**Entries provided**
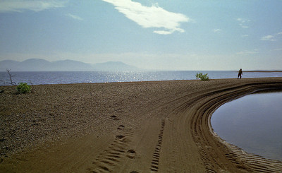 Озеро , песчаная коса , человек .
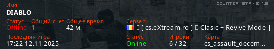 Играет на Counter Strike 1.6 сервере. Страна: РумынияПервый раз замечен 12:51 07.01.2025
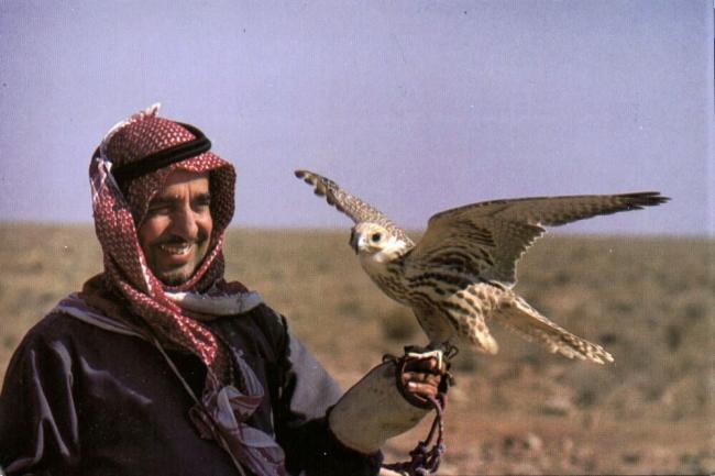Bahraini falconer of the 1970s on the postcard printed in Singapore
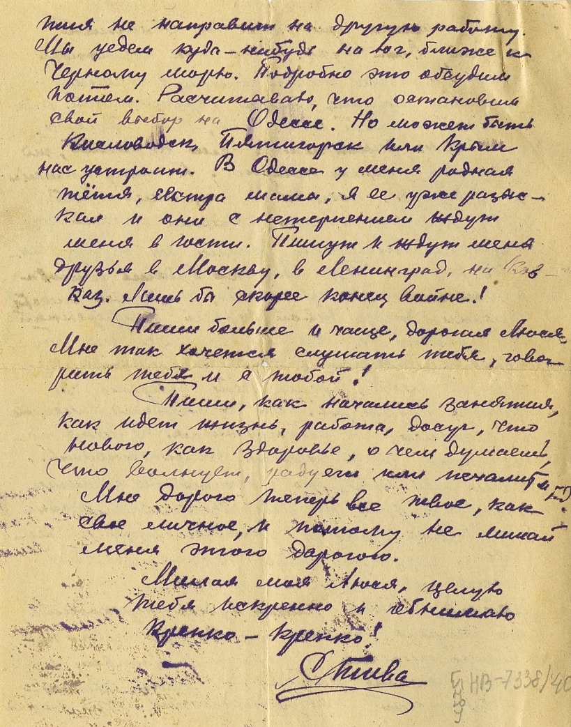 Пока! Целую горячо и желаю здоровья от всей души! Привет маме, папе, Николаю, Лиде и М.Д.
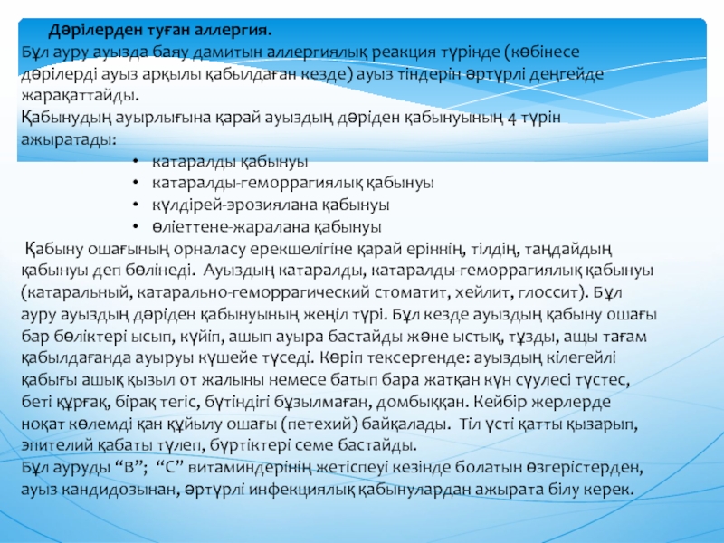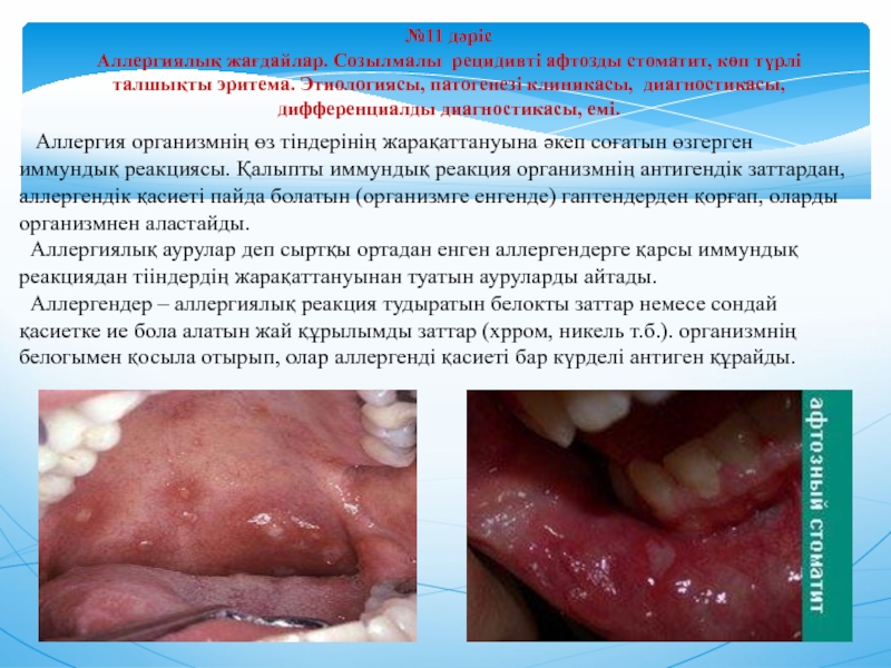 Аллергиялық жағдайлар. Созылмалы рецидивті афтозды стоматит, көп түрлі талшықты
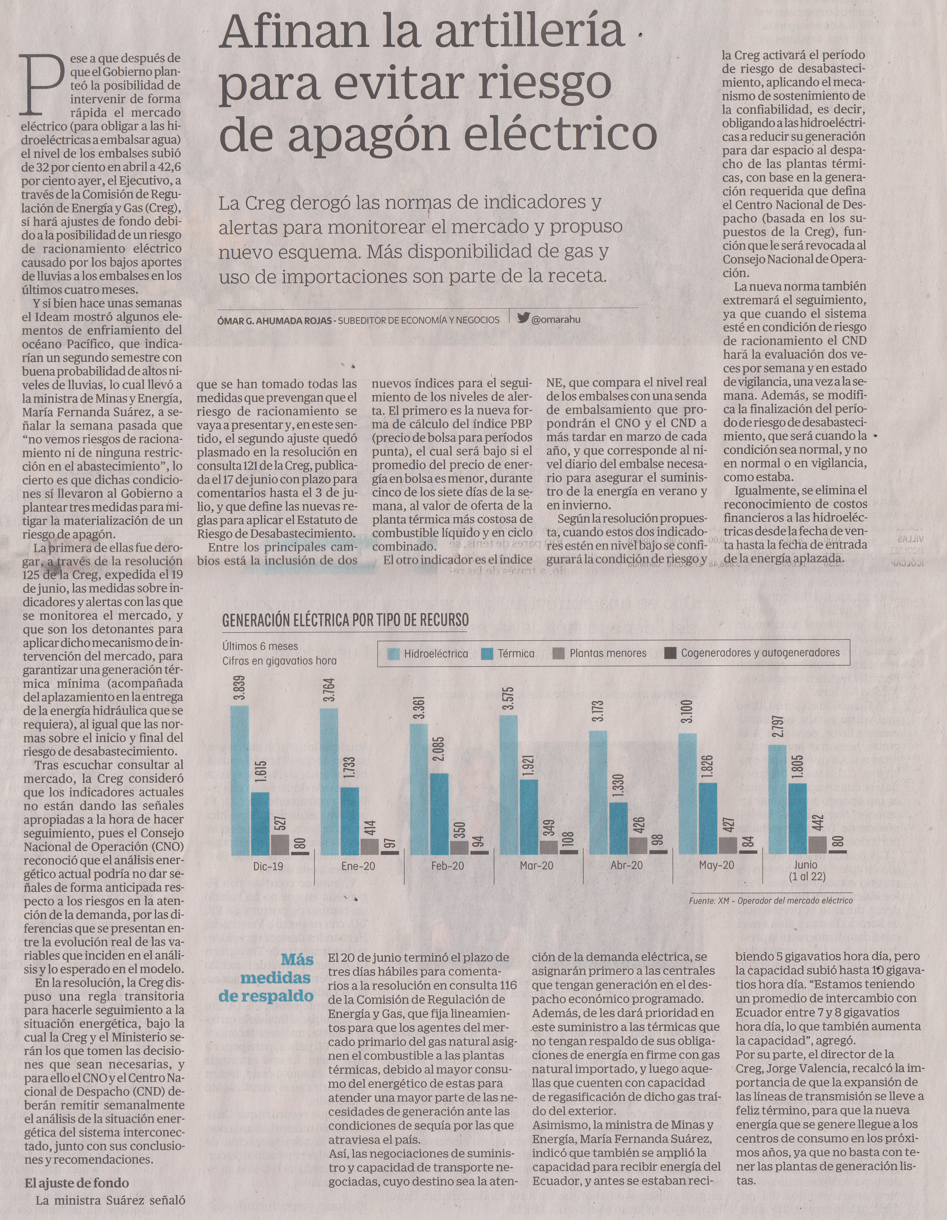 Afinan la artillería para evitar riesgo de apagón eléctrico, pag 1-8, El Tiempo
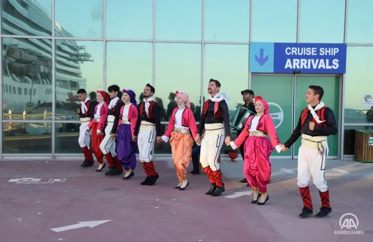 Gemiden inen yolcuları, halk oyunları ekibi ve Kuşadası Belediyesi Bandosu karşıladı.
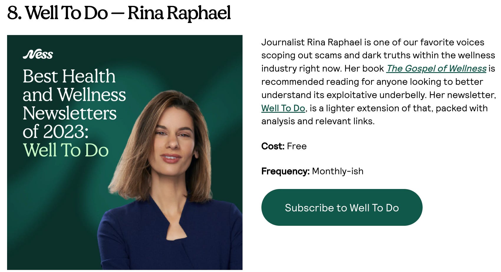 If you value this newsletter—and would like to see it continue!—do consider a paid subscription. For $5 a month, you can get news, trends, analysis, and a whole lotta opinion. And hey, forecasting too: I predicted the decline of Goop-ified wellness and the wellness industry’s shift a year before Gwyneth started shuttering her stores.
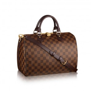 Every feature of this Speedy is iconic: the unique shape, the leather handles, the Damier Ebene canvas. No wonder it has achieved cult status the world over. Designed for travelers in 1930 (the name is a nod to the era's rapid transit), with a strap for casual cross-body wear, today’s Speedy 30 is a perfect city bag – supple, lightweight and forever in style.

==

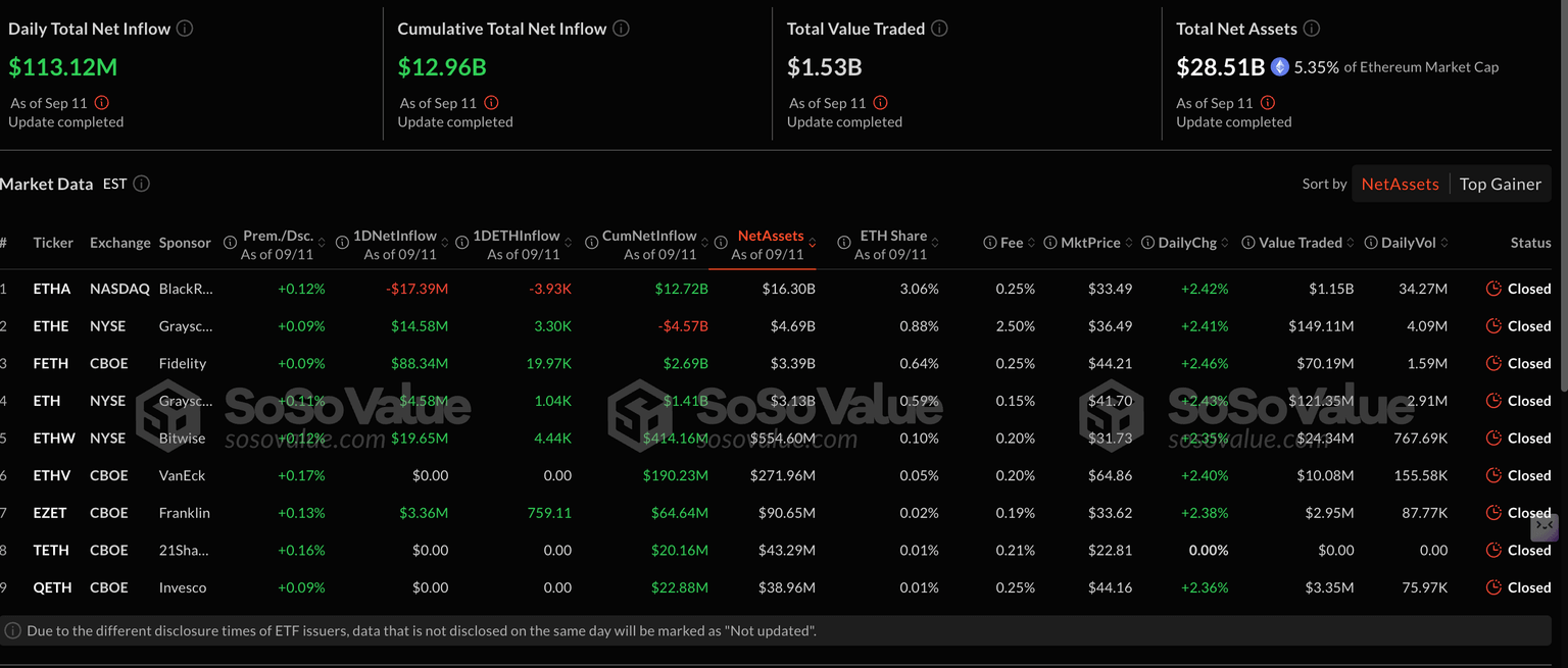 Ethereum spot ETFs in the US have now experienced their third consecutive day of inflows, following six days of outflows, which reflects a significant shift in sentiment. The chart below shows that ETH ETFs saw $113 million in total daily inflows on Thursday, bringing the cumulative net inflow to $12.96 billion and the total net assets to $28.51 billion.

...

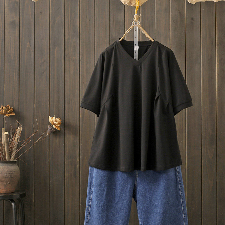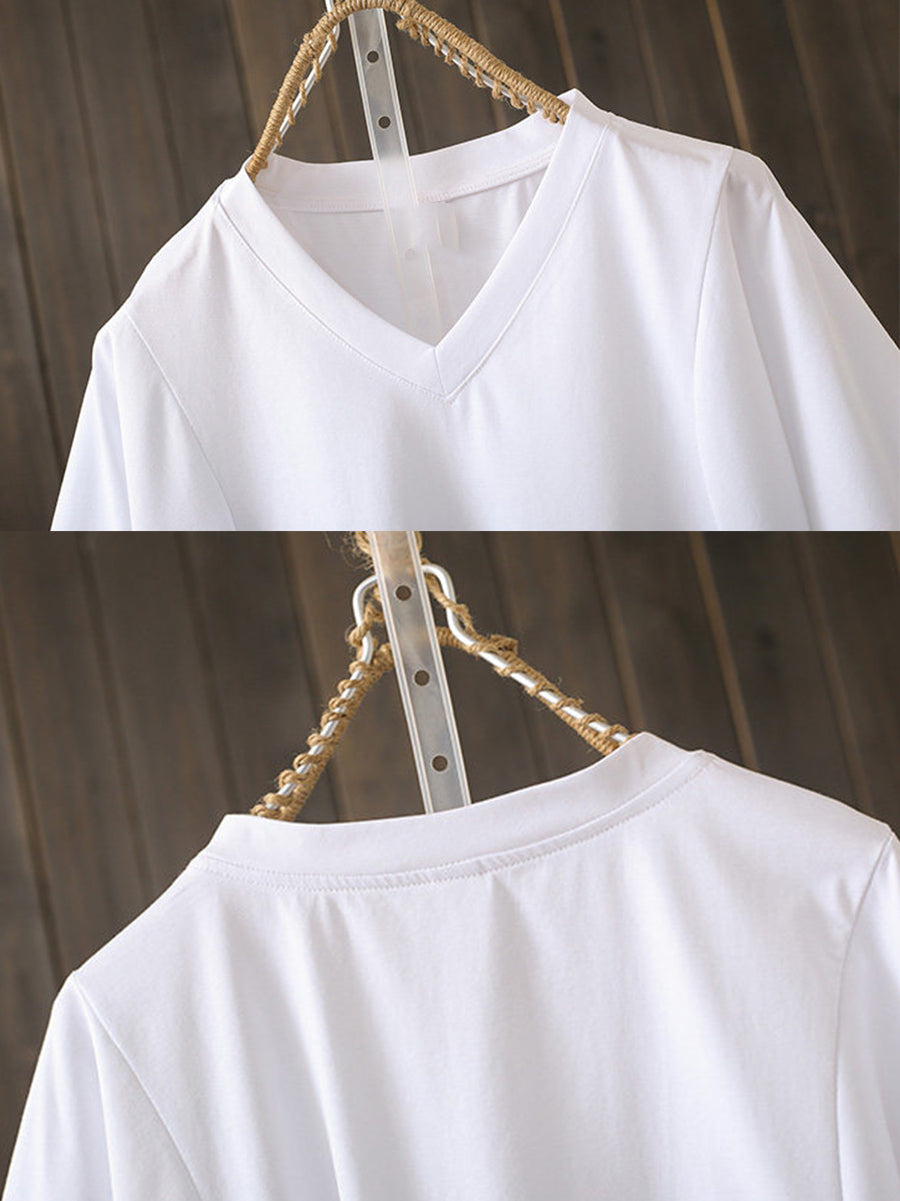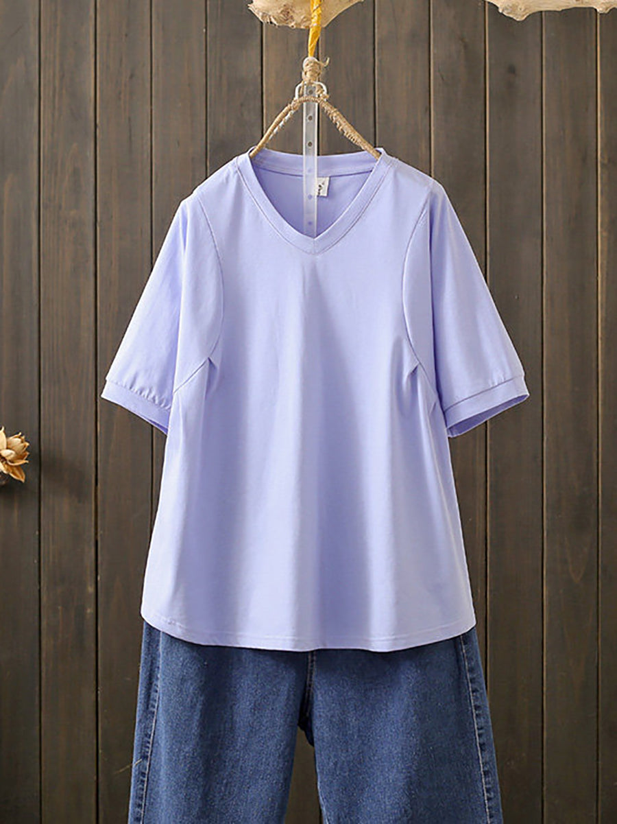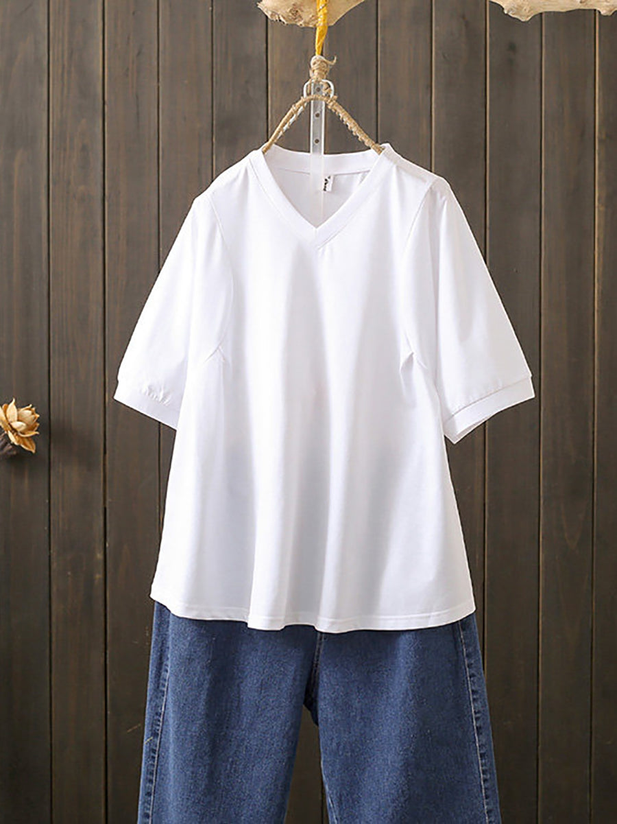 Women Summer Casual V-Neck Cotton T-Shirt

**What you have to do**
Everything from the line with "Озеро , песчаная коса , человек ." down to the line with "Every feature of" in the data above should be copied exactly, with both end lines kept and the pictures left out.

**Solution for this task**
 Озеро , песчаная коса , человек .
 Играет на Counter Strike 1.6 сервере. Страна: РумынияПервый раз замечен 12:51 07.01.2025
Bahraini falconer of the 1970s on the postcard printed in Singapore
 Пока! Целую горячо и желаю здоровья от всей души! Привет маме, папе, Николаю, Лиде и М.Д.
 Аллергиялық жағдайлар. Созылмалы рецидивті афтозды стоматит, көп түрлі талшықты
 Afinan la artillería para evitar riesgo de apagón eléctrico, pag 1-8, El Tiempo
 Gemiden inen yolcuları, halk oyunları ekibi ve Kuşadası Belediyesi Bandosu karşıladı.
 If you value this newsletter—and would like to see it continue!—do consider a paid subscription. For $5 a month, you can get news, trends, analysis, and a whole lotta opinion. And hey, forecasting too: I predicted the decline of Goop-ified wellness and the wellness industry’s shift a year before Gwyneth started shuttering her stores.
 Every feature of this Speedy is iconic: the unique shape, the leather handles, the Damier Ebene canvas. No wonder it has achieved cult status the world over. Designed for travelers in 1930 (the name is a nod to the era's rapid transit), with a strap for casual cross-body wear, today’s Speedy 30 is a perfect city bag – supple, lightweight and forever in style.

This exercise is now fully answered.